Apple’s augmented reality goggles track your voice, eyes, and hand movements at all times, uses AI to mimic your persona

News & Politics

Apple’s new augmented reality goggles called “Apple Vision Pro” intends to have users calling, working, watching movies, and even interacting with their family members using their wearable technology. However, the device will also be tracking the user’s movements and using “machine learning” to create a digital persona.
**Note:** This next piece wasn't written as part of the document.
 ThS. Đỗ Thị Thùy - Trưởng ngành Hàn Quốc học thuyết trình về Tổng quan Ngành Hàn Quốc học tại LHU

The goggles, like most phones, are capable of using voice recognition to navigate the augmented world, which Apple brags will consist of your typical iPhone/Mac interface and work screens as far as the eye can see. However, it is also tracks user eye and hand movements at all times, allowing users to simply look in the direction of an icon to select it, or slightly move their fingers to scroll a page.

While the possibility of a limitless canvas for work spaces, movie screens, and gaming sessions seems like a giant upgrade from a 15-inch laptop screen, Apple seems to have blown past the reality of augmented reality: It requires a $3,499 pair of goggles to participate.
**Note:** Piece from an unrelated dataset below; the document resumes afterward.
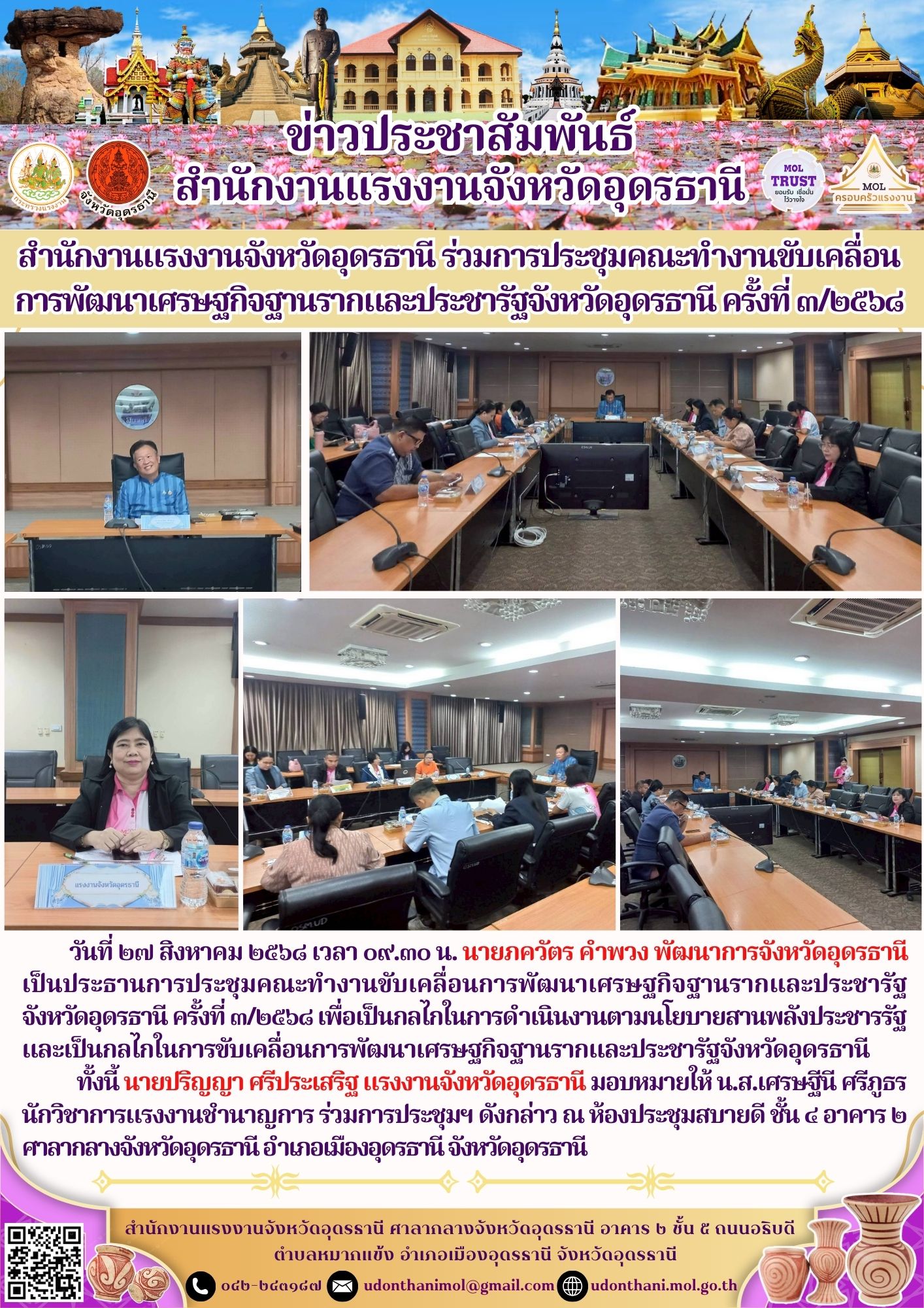 สำนักงานแรงงานจังหวัดอุดรธานี ร่วมการประชุมคณะทำงานขับเคลื่อนการพัฒนาเศรษฐกิจฐานรากและประชารัฐจังหวัดอุดรธานี ครั้งที่ ๓/๒๕๖๘

The capability of changing your small screen into a movie theatre right in your living room seems technologically justified, but at the price of $7,000-$10,000 for a few goggles, this experience will likely be enjoyed alone.

The product launch appeared to be focused on either wearing the goggles or missing out, even showing a man watching his daughters play while he captures video through the device. It then cuts to the man sitting by himself and reliving the memory by alone on his couch.
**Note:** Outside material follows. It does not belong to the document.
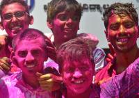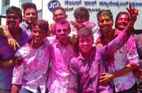 Students playing with color on the occasion of Holi festival at Jain University, in Bengaluru on Friday 2nd March 2018

Where calls are concerned, Apple Vision Pro runs into the same problem that Mark Zuckerberg’s “Metaverse” ran into. What’s the point of having a video call between two people who are wearing headsets? You can’t even see their face. Metaverse attempted to solve that with cartoonish and childlike avatars.

Apple’s solution, however, is to use the headset and the data it collects to create a digital, lifelike “persona” of the user to be shown to others on the call who are presumably wearing an Apple Vision Pro as well.

“Users wearing Vision Pro during a FaceTime call are reflected as a Persona,” Apple described. “A digital representation of themselves created using Apple’s most advanced machine learning techniques — which reflects face and hand movements in real time. Users can do things together like watch a movie, browse photos, or collaborate on a presentation.”

Apple did not immediately respond to questions regarding how the Apple Vision Pro creates a user’s “Persona,” as well as the total scope of the device’s movement tracking. This article will be updated with any future responses.